Input data:
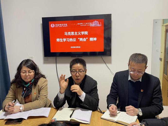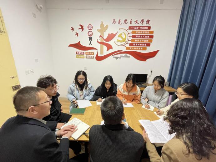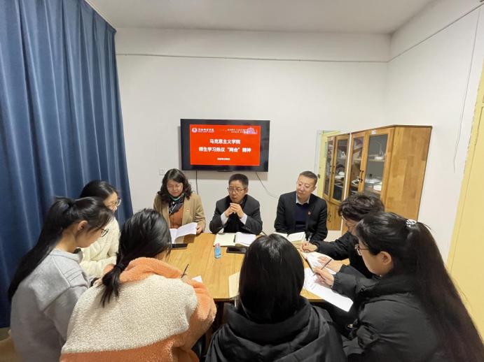 3月6日下午,马克思主义学院在学生社区党支部党团活动室组织师生共同学习热议两会精神,学院党总支书记赵国峰、院长张萍及部分学生骨干参加,会议由党总支副书记肖飞主持。
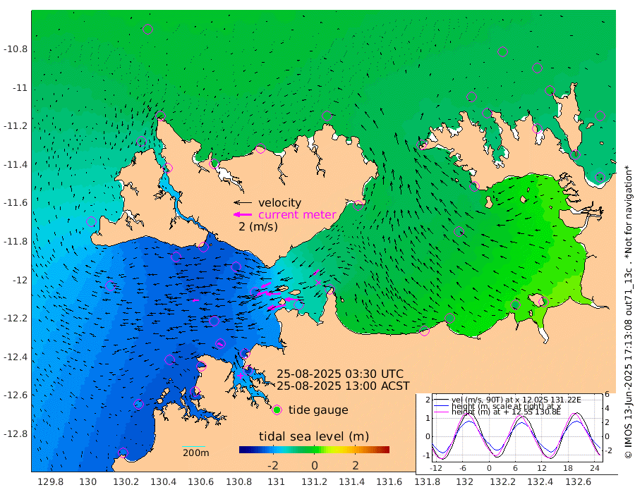 204cm/s -102T +4cm/s rms + 6cm/s 51T. Darwin_C1 52m 159cm/s -90T +4cm/s rms + 7cm/s -161T. Darwin_CW1 22m 118cm/s -107T +4cm/s rms + 8cm/s 61T. Darwin_CW2 34m 83cm/s -133T +3cm/s rms + 9cm/s 98T. Darwin_CW3 22m 160cm/s -91T +5cm/s rms + 7cm/s 88T. Darwin_C3 56m 114cm/s -115T +2cm/s rms + 9cm/s -126T. Darwin_CTbW 22m 69cm/s -92T +1cm/s rms + 1cm/s -47T. DARBGF 30m 61cm/s -65T +4cm/s rms + 3cm/s 80T. NRSDAR 19m -22cm Goodrich Bank -215cm Point Jenny -213cm Native Point -238cm Fish Reef -238cm Tapa Bay -135cm Point Fawcett (Offshore) -252cm Burge Point -239cm Munkunuwa -197cm Beagle A -250cm Parsons Bank -246cm Fenton Patches -234cm Hancox Shoal Area -254cm Nightcliff -266cm Darwin -250cm Charles Point Patches -162cm Glyde Point -78cm Chambers Bay -62cm Point Stuart -125cm Cape Hotham -68cm Christine Reef -58cm West Alligator Head -22cm East Field Island -80cm Two Hills Bay -75cm Camp Point -241cm Medina Inlet South -120cm South Barlow Point -84cm St. Asaph Bay -30cm Cape Van Dieman -38cm Snake Bay -32cm Cache Point -44cm Point Jahleel (Off) -78cm Cape Don -55cm Port Essington -58cm Smith Point - West -50cm NW Peacock Island -38cm North Of Jones Shoal -16cm Peacock Island -58cm Point David -60cm D'urville Point -61cm Copeland Island -59cm One Tree Point
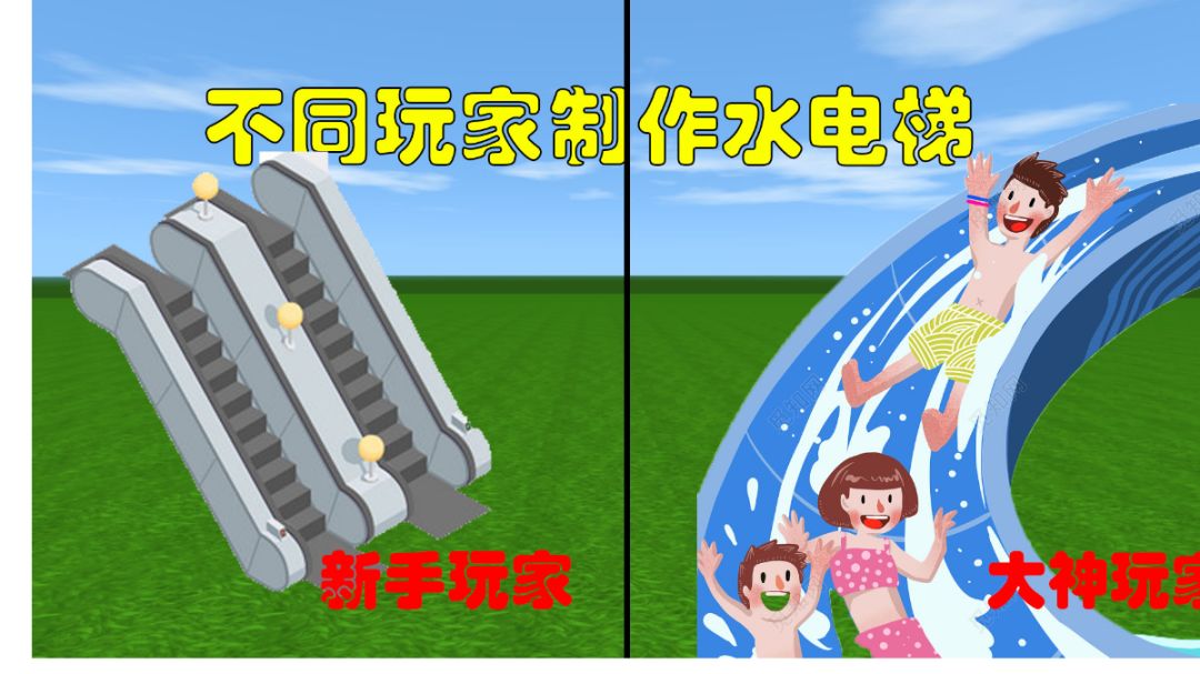 迷你世界:不同玩家制作水电梯,新手你直接退游吧

Task requirements:
Once more, please print all the lines above exactly, without their pictures.

Your solution:
 3月6日下午,马克思主义学院在学生社区党支部党团活动室组织师生共同学习热议两会精神,学院党总支书记赵国峰、院长张萍及部分学生骨干参加,会议由党总支副书记肖飞主持。
 204cm/s -102T +4cm/s rms + 6cm/s 51T. Darwin_C1 52m 159cm/s -90T +4cm/s rms + 7cm/s -161T. Darwin_CW1 22m 118cm/s -107T +4cm/s rms + 8cm/s 61T. Darwin_CW2 34m 83cm/s -133T +3cm/s rms + 9cm/s 98T. Darwin_CW3 22m 160cm/s -91T +5cm/s rms + 7cm/s 88T. Darwin_C3 56m 114cm/s -115T +2cm/s rms + 9cm/s -126T. Darwin_CTbW 22m 69cm/s -92T +1cm/s rms + 1cm/s -47T. DARBGF 30m 61cm/s -65T +4cm/s rms + 3cm/s 80T. NRSDAR 19m -22cm Goodrich Bank -215cm Point Jenny -213cm Native Point -238cm Fish Reef -238cm Tapa Bay -135cm Point Fawcett (Offshore) -252cm Burge Point -239cm Munkunuwa -197cm Beagle A -250cm Parsons Bank -246cm Fenton Patches -234cm Hancox Shoal Area -254cm Nightcliff -266cm Darwin -250cm Charles Point Patches -162cm Glyde Point -78cm Chambers Bay -62cm Point Stuart -125cm Cape Hotham -68cm Christine Reef -58cm West Alligator Head -22cm East Field Island -80cm Two Hills Bay -75cm Camp Point -241cm Medina Inlet South -120cm South Barlow Point -84cm St. Asaph Bay -30cm Cape Van Dieman -38cm Snake Bay -32cm Cache Point -44cm Point Jahleel (Off) -78cm Cape Don -55cm Port Essington -58cm Smith Point - West -50cm NW Peacock Island -38cm North Of Jones Shoal -16cm Peacock Island -58cm Point David -60cm D'urville Point -61cm Copeland Island -59cm One Tree Point
 迷你世界:不同玩家制作水电梯,新手你直接退游吧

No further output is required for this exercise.